During the months Thornhill spent on the Alexander, he tried to listen for Sal's voice from the women's quarters and spent his time mentally paddling along the Thames River. Now that he's in New South Wales, he knows he'll never see that river again. Thornhill knows that he'll die here and feels as though he died in London. He thinks that being here is worse than death.
Thornhill's mental paddling along the Thames shows that London is his true home, though Sal is also an important element of how he thinks about home. This shows that Thornhill’s sense of home depends, at least in part, on the people he loves.
Thornhill sees darkness moving in front of him and realizes that a black man has appeared before him. The man is naked and scarred, and his spear seems to be a part of his body. Thornhill feels naked and vulnerable and fears for his children's lives. He shouts angrily at the man to leave and steps forward. As he raises his hand, he notices that the stone at the tip of the spear is jagged. The black man begins to speak, but Thornhill can't understand what he says. Suddenly, Thornhill understands the man is saying, "be off!"

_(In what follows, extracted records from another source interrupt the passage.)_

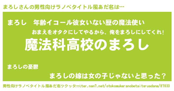 まろしさんの男性向けラノベタイトル風あだ名をツクッター!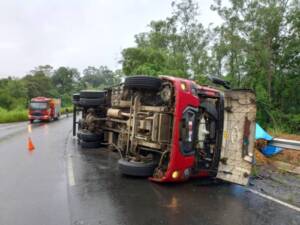Na manhã desta terça-feira (5), por volta da 10h, na cidade de Urussanga, a guarnição do Corpo de Bombeiros foi acionada para o atendimento de um acidente de trânsito no Bairro Linha Rio Maior, sobre a rodovia SC-108. Ao chegarem no local, confirmaram a natureza da ocorrência, tratando-se de uma colisão frontal seguida de capotamento envolvendo um automóvel de passeio e um caminhão de transporte que carregava fumo.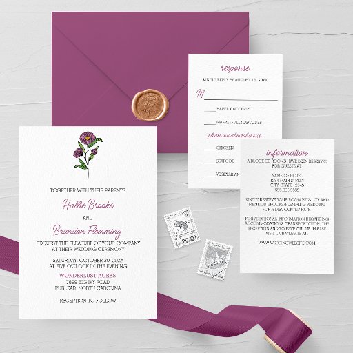 Este elegante Convite para Casamento de Aster Roxo Minimalista é uma bela escolha para um casamento de jardim inspirado na boêmia em setembro. A simples flor roxa de gesso, puxada à mão no topo, adiciona um toque de chorona, enquanto a elegante caligrafia e as fontes tradicionais de serifa fornecem uma sofisticada e eterno para seus detalhes de casamento.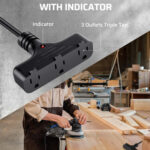 3 Tomas de Tierra con Triple Grifo y Luz Indicadora La coleta de triple grifo a tierra te permite alimentar varios aparatos simultáneamente y maximizar el uso de regletas y tomas de pared el indicador se ilumina cuando el cable está alimentado para que sepas que el carrete de cable eléctrico está listo para usar
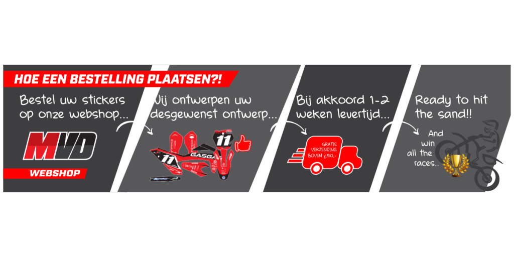 Bij MVDecals ontwerpen en produceren we hoogwaardige MX decals die perfect passen op jouw motor. Onze stickers zijn kras- en weerbestendig, waardoor ze zelfs onder de zwaarste omstandigheden mooi blijven.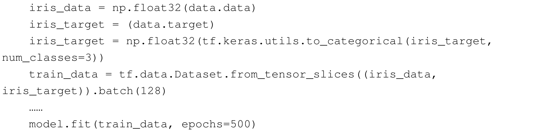 在程序2-6中数据的准备是使用tf.data API完成的,即通过打包的方式将数据输出,也可以直接将输入的数据输入模型中进行训练,代码如下: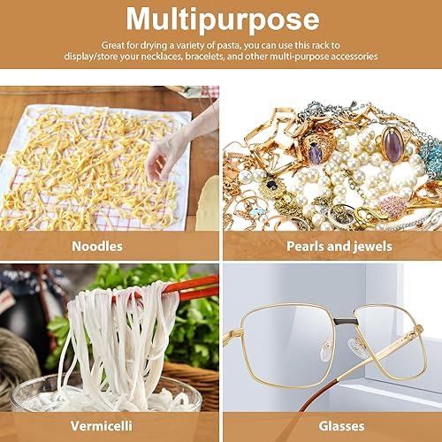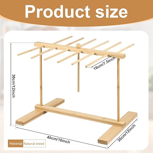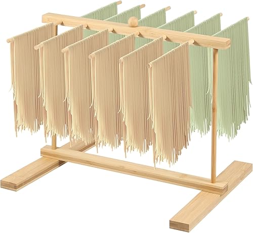 Séchoir à pâtes avec de transfert et 12 barres, support de nouilles en bois amovible pour spaghettis faits maison, arbre de séchage des pâtes fraîches pour sécher les pâtes et cuisiner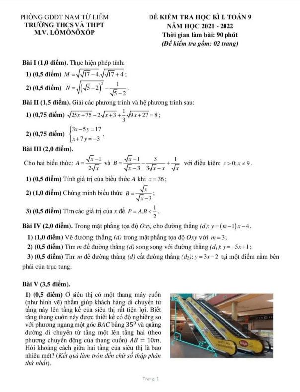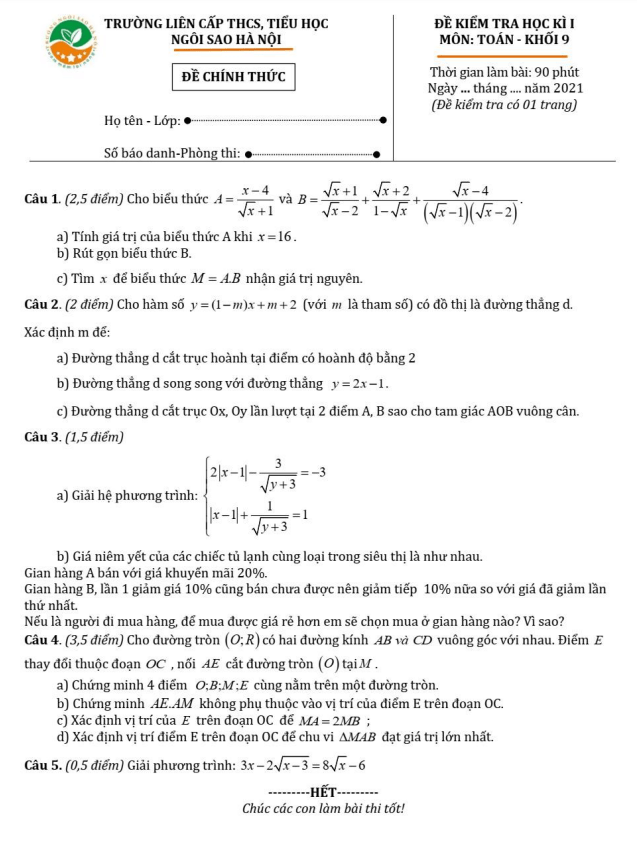 Đề Thi HK1 Toán 9 Đề kiểm tra học kì 1 Toán 9 năm 2021 – 2022 trường TH&THCS Ngôi Sao Hà Nội 25/12/2021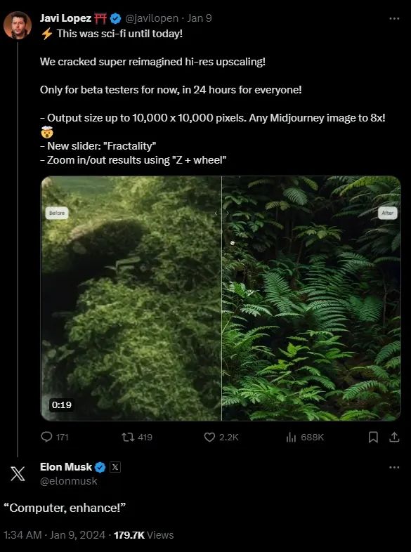 马斯克在他的推下留言:“计算机,增强!”Javi表示,他曾经多次联系马斯克,都没引起他的注意,这次马斯克的出现给了Magnific AI一个小小的推动力。
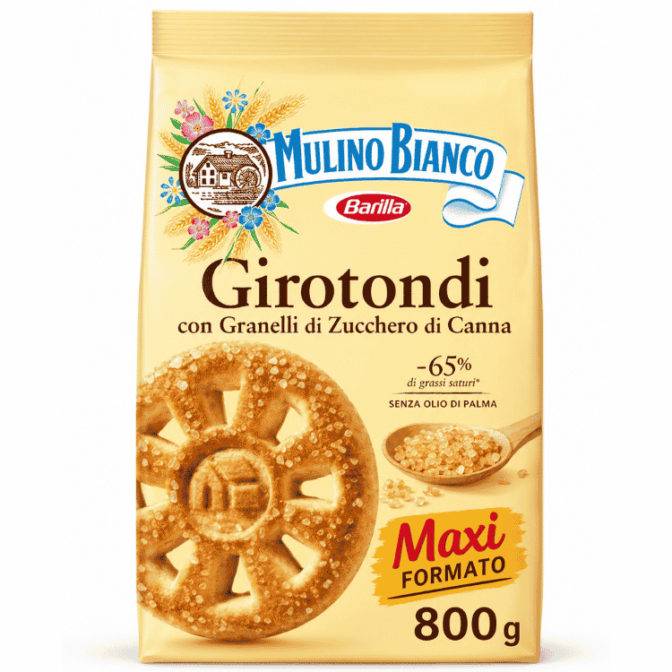Les Girotondi Mulino Bianco sont des biscuits sablés avec des grains de cassonade. Leur structure légère et croustillante et leur goût délicat, sucré en surface par le sucre de canne ambré en gros cristaux, vous donnent une expérience de goût simple et délicat.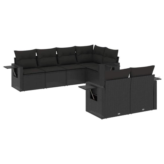 Set Divani da Giardino con Cuscini 7pz Nero Polyrattan
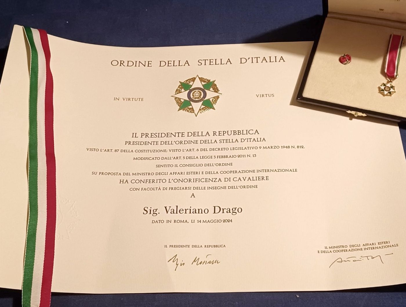 Valeriano Drago nominato Cavaliere dell'Ordine della Stella d'Italia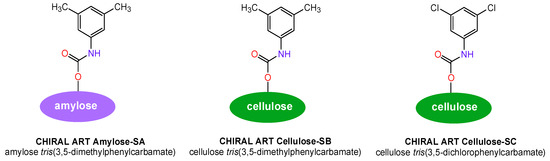 The HPLC columns were packed with the immobilized chiral polysaccharide-based stationary phases from YMS CHIRAL ART Amylose-SA, CHIRAL ART Cellulose-SB, and CHIRAL ART Cellulose-SC. The size of the columns was 250 mm × 4.6 mm i.d., and the particle size was 10 μm. In the following text, these columns are referred to as Amylose-SA, Cellulose-SB, and Cellulose-SC. The chiral selectors in Amylose-SA, Cellulose-SB, and Cellulose-SC are amylose tris(3,5-dimethylphenylcarbamate), cellulose tris(3,5-dimethylphenylcarbamate), and cellulose tris(3,5-dichlorophenylcarbamate), respectively; all three are shown in Figure 5.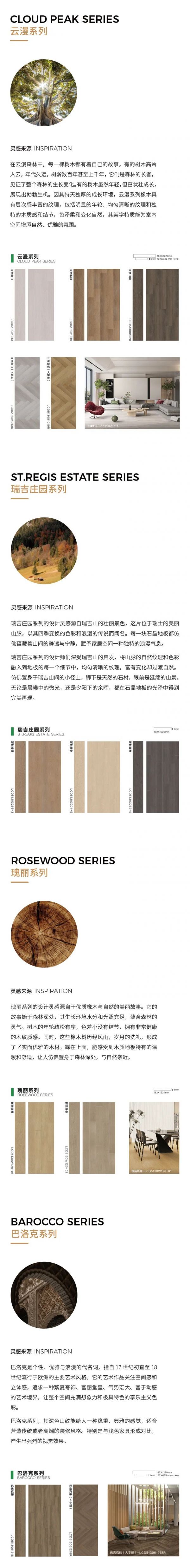 石晶地面系统有“云漫系列、瑞吉庄园系列、瑰丽系列、巴洛克系列”,纹理、花色与质感丰富多元,全面满足高端设计与个性化空间的营造需求。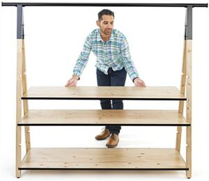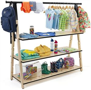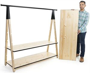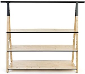 Our durable wooden a frame clothing rack with base shelves is a contemporary display solution perfect for retail stores, trade shows, showrooms and any space that is short on storage. This two-tone garment fixture features a minimalist design with three 50” W x 20” D adjustable shelves, making it easy to hang clothing while the lower shelves house folded apparel, shoes, accessories, and more. These wooden a frame clothing racks with base shelves increase storage potential with an extended hang rail for hats or bags. Each garment display has four shelving notches embedded into its frame, enabling quick adjustments to better suit the height and size of the merchandise displayed. Crafted from black powder coated metal and natural pine wood this two-tone, easy to assemble clothing display adds a minimalist contemporary feel that blends effortlessly into your space. Stage this durable wooden a frame clothing rack with base shelves in your location to create a visually appealing showcase for your customers.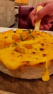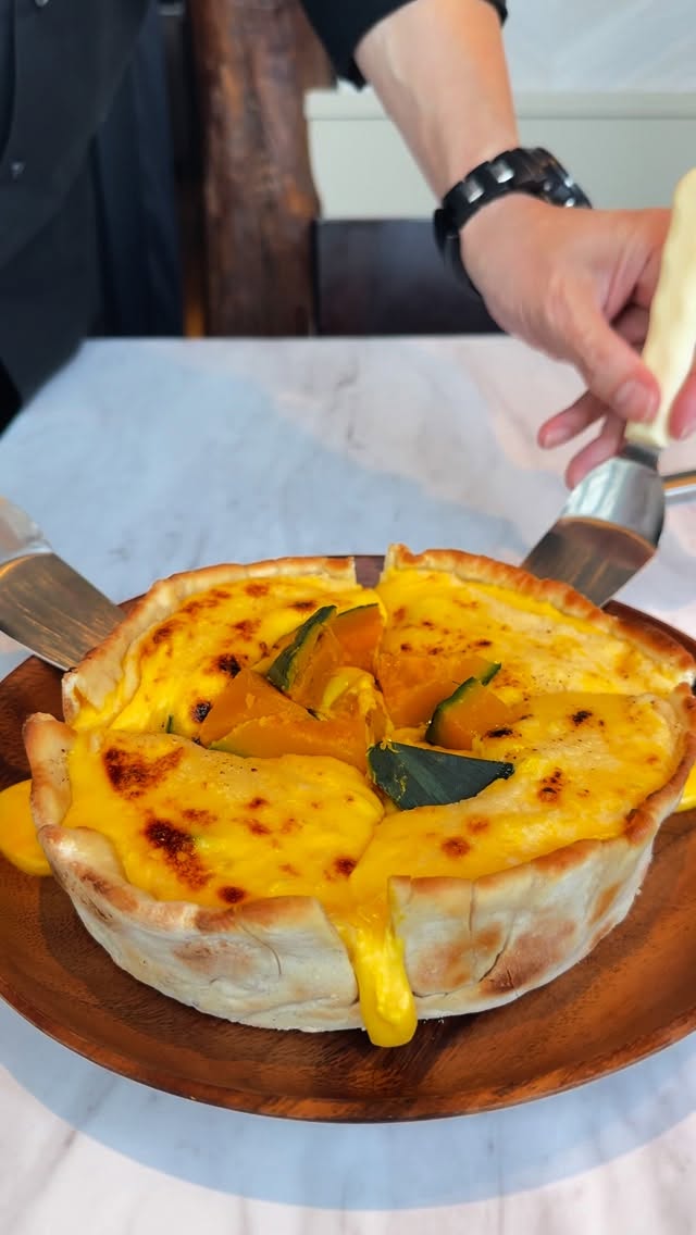 かぼちゃの甘みとチーズのハーモニー、更に上から蜂蜜をかけて濃厚にそして更に味わい深くお楽しみ頂けます🧀

The encounter with this man makes it abundantly clear that this place is not, and perhaps never will be, Thornhill's home: it's this man's home, and he's learned enough English to tell the invaders as much. Here, Thornhill retaliates only because he's scared, not because he thinks he has any claim to the land. This shows that fear is often one of the primary motivators for the violence involved in the conflict between the English and the Aborigines.
Thornhill finds himself speechless. He thinks that he already died once and can die again, but looks back towards Sal and the children. When he turns back to face the black man, the man is gone. Thornhill looks at the forest and thinks that it could hide a hundred black men and their spears. He stumbles back into the hut, even though he knows it offers no safety. He lies down next to Sal and anticipates the stabbing pain of one of the spears in his belly.
Now that Thornhill has met the natives, the landscape is even less inviting. Thornhill senses even now that the Aborigines and the land are intrinsically parts of each other: the landscape is threatening because of the humans that hide within it, and the humans are scary because of their close relationship to the mysterious land.